The researchers initially applied SHARPER to two commonly used ligand-detected methods: ¹H STD, which we wrote about here, and ¹H CPMG, which we wrote about here. The first test system was human serum albumin (HSA) binding to naproxen. Keeping protein concentration constant at 9 µM and varying ligand concentration gave similar K_D values (210-280 µM) for standard STD, STD SHARPER, and CPMG SHARPER (conventional CPMG failed due to insensitivity at lower ligand concentrations).

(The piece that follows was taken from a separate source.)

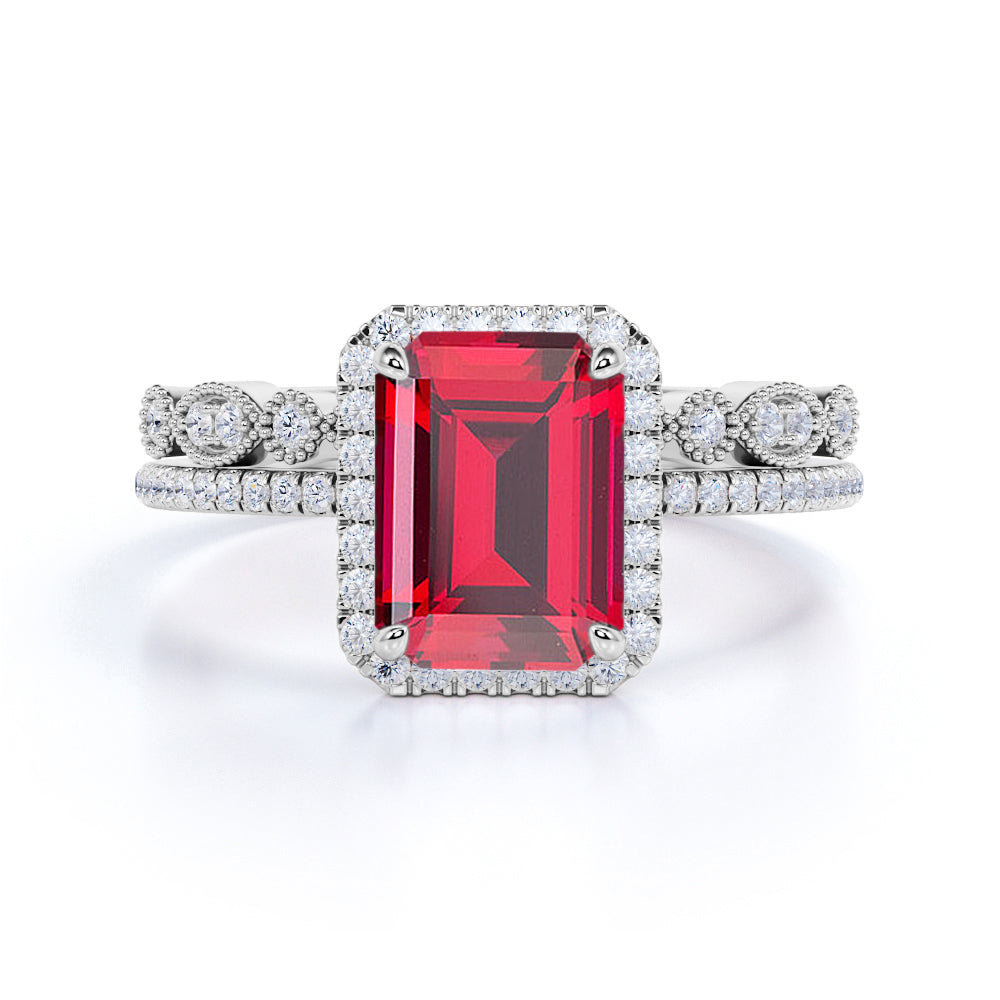 Pave Set 2 Carat Emerald Cut Lab Ruby and Diamond Wedding Set with Art Deco Band in White Gold

These values are an order of magnitude higher than those reported using SPR and ITC (25 and 10 µM, respectively) because of the high protein and ligand concentrations needed for conventional NMR approaches; when the SHARPER experiments were rerun at 1 µM HSA, the K_D values were 39 µM. Several other HSA ligands also gave good agreement with the literature.

 

Next, the researchers applied STD SHARPER to the anti-cancer target fascin, which we wrote about in 2019. An examination of 11 ligands from that study gave good agreement with the published dissociation constants. Importantly, SHARPER was faster than conventional approaches, with 15 K_D determinations per day instead of four.

 

Not content with this four-fold improvement in throughput, the researchers developed a new experiment based on line broadening called ¹H LB SHARPER. This allows the determination of 48 dissociation constants per day, and the results for HSA and fascin agreed with the other methods.

 

One of the most time-consuming aspects of most NMR-based affinity measurements is preparing and analyzing samples at multiple ligand concentrations, so the researchers turned to machine learning to choose which ligand concentrations would be most informative and choose just two of them rather than the six or more commonly used. This worked too, thereby potentially increasing throughput to 144 dissociation constants per day.

 

The researchers suggest that SHARPER could also be applied to some of the other recent NMR techniques we’ve discussed, such as PEARLScreeen and photo-CIDNP. Although I always emphasize that I’m no NMR spectroscopist, this strikes me as a neat, practical approach. What do you think?